## EXERCISE AIM
Using the records that appear below, write out exactly the lines from the one with "775 BLK with" through the one with "Silhouette Photo of Man Throw Paper Plane", keeping both end lines.

Stored records
------------------------------------
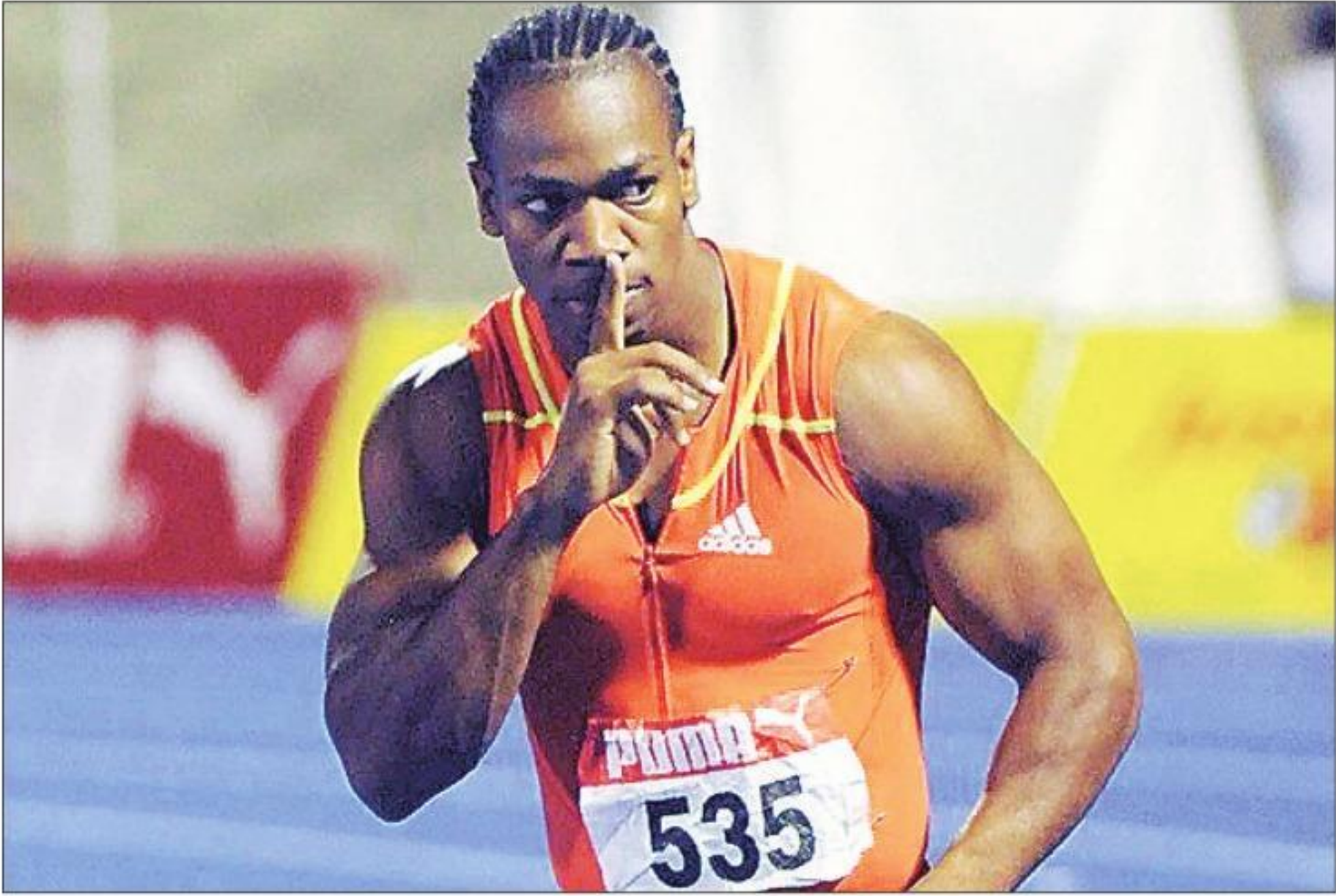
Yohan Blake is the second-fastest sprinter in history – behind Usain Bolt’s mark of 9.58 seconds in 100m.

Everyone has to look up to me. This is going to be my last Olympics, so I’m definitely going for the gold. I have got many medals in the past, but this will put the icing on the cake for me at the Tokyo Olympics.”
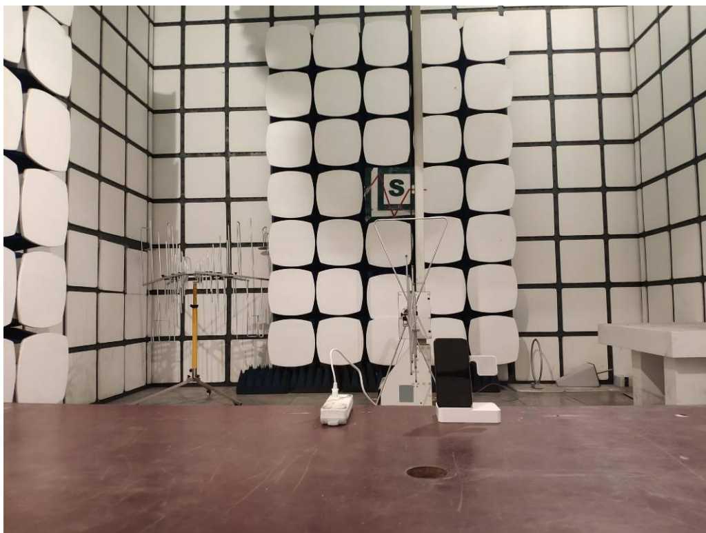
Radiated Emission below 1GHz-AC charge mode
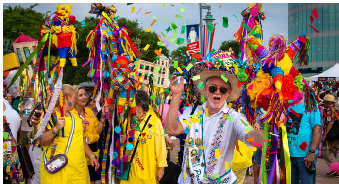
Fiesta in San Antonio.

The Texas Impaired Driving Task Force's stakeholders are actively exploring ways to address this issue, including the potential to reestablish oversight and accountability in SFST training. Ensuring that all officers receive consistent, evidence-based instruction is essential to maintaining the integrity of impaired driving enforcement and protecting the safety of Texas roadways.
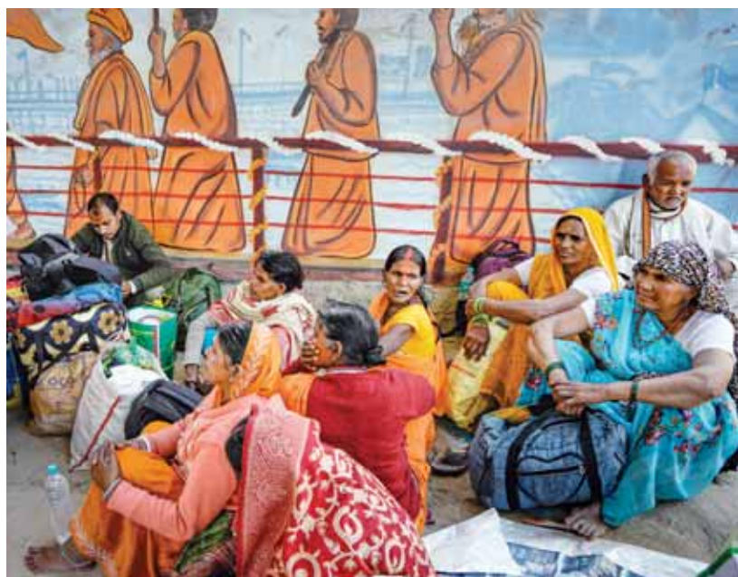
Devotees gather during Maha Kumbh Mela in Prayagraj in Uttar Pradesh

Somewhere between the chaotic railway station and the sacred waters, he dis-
------------------------------------
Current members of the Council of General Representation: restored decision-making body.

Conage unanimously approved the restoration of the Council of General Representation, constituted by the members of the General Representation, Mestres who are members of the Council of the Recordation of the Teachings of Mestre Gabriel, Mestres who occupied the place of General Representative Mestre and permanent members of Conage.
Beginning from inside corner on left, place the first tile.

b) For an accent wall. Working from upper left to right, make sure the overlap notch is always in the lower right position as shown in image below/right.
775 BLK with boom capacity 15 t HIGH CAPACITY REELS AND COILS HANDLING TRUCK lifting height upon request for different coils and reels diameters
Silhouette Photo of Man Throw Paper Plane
------------------------------------
## TASK RESULT
775 BLK with boom capacity 15 t HIGH CAPACITY REELS AND COILS HANDLING TRUCK lifting height upon request for different coils and reels diameters
Silhouette Photo of Man Throw Paper Plane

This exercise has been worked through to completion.